Task brief ::
Your task is to transcribe all of the data below exactly, omitting the images.

The data ::
::::::
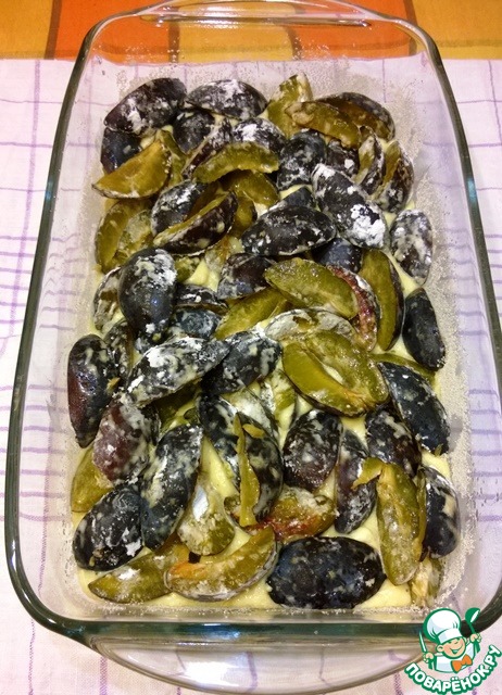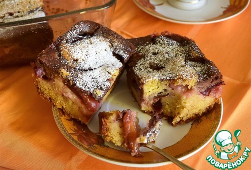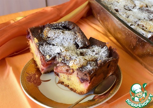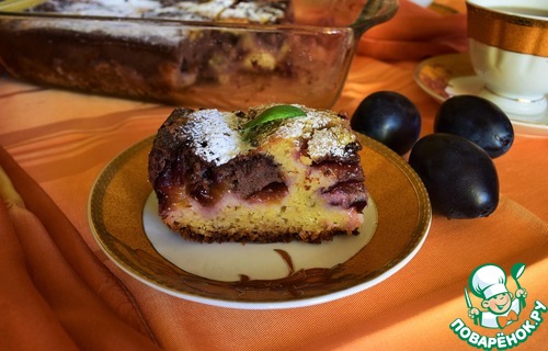 Рецепт «Кукурузный пирог со сливой в шоколадной заливке»:
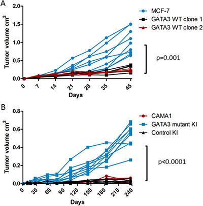 Figure 7: Xenograft growth of isogenic GATA3 mutant and wild type breast cancer cell lines. (A) Nude mouse xenograft growth of MCF-7 (n = 9) and GATA3 wild type derivative clones (n = 5 each). P value for repeated measures two-way ANOVA is shown. (B) NSG mouse xenograft growth of CAMA1, GATA3 mutant knock-in, and control knock-in cells (n = 10 mice per group). P value for repeated measures two-way ANOVA is shown.
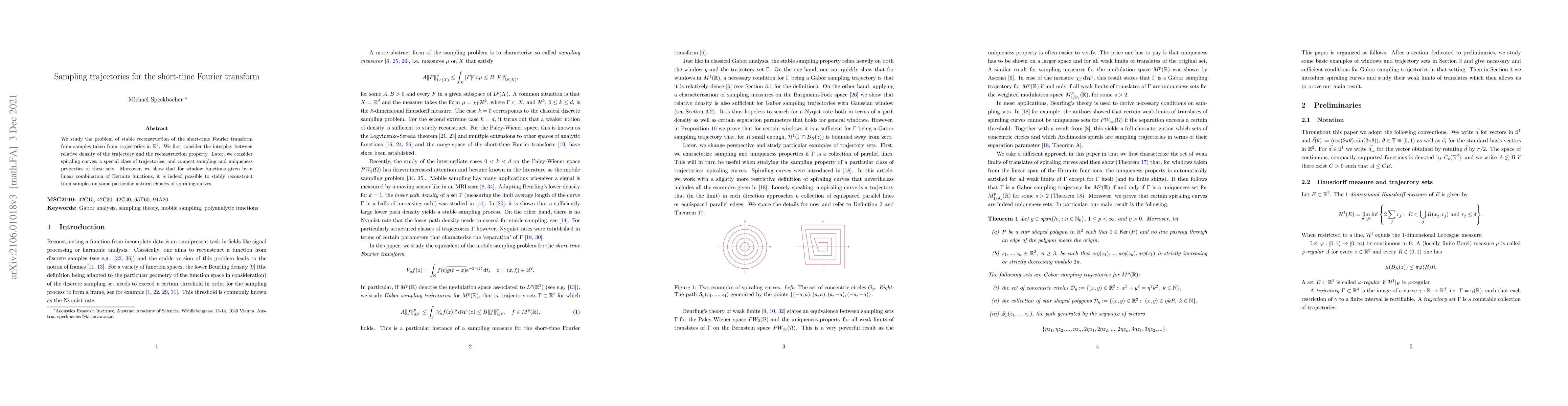 This paper investigates the reconstruction of the short-time Fourier transform from samples along trajectories in $\R^2$, focusing on the relationship between trajectory density and reconstruction properties. It demonstrates the feasibility of stable reconstruction using specific spiraling curves and linear combinations of Hermite functions.
::::::
Problem solution ::
 Рецепт «Кукурузный пирог со сливой в шоколадной заливке»:
 Figure 7: Xenograft growth of isogenic GATA3 mutant and wild type breast cancer cell lines. (A) Nude mouse xenograft growth of MCF-7 (n = 9) and GATA3 wild type derivative clones (n = 5 each). P value for repeated measures two-way ANOVA is shown. (B) NSG mouse xenograft growth of CAMA1, GATA3 mutant knock-in, and control knock-in cells (n = 10 mice per group). P value for repeated measures two-way ANOVA is shown.
 This paper investigates the reconstruction of the short-time Fourier transform from samples along trajectories in $\R^2$, focusing on the relationship between trajectory density and reconstruction properties. It demonstrates the feasibility of stable reconstruction using specific spiraling curves and linear combinations of Hermite functions.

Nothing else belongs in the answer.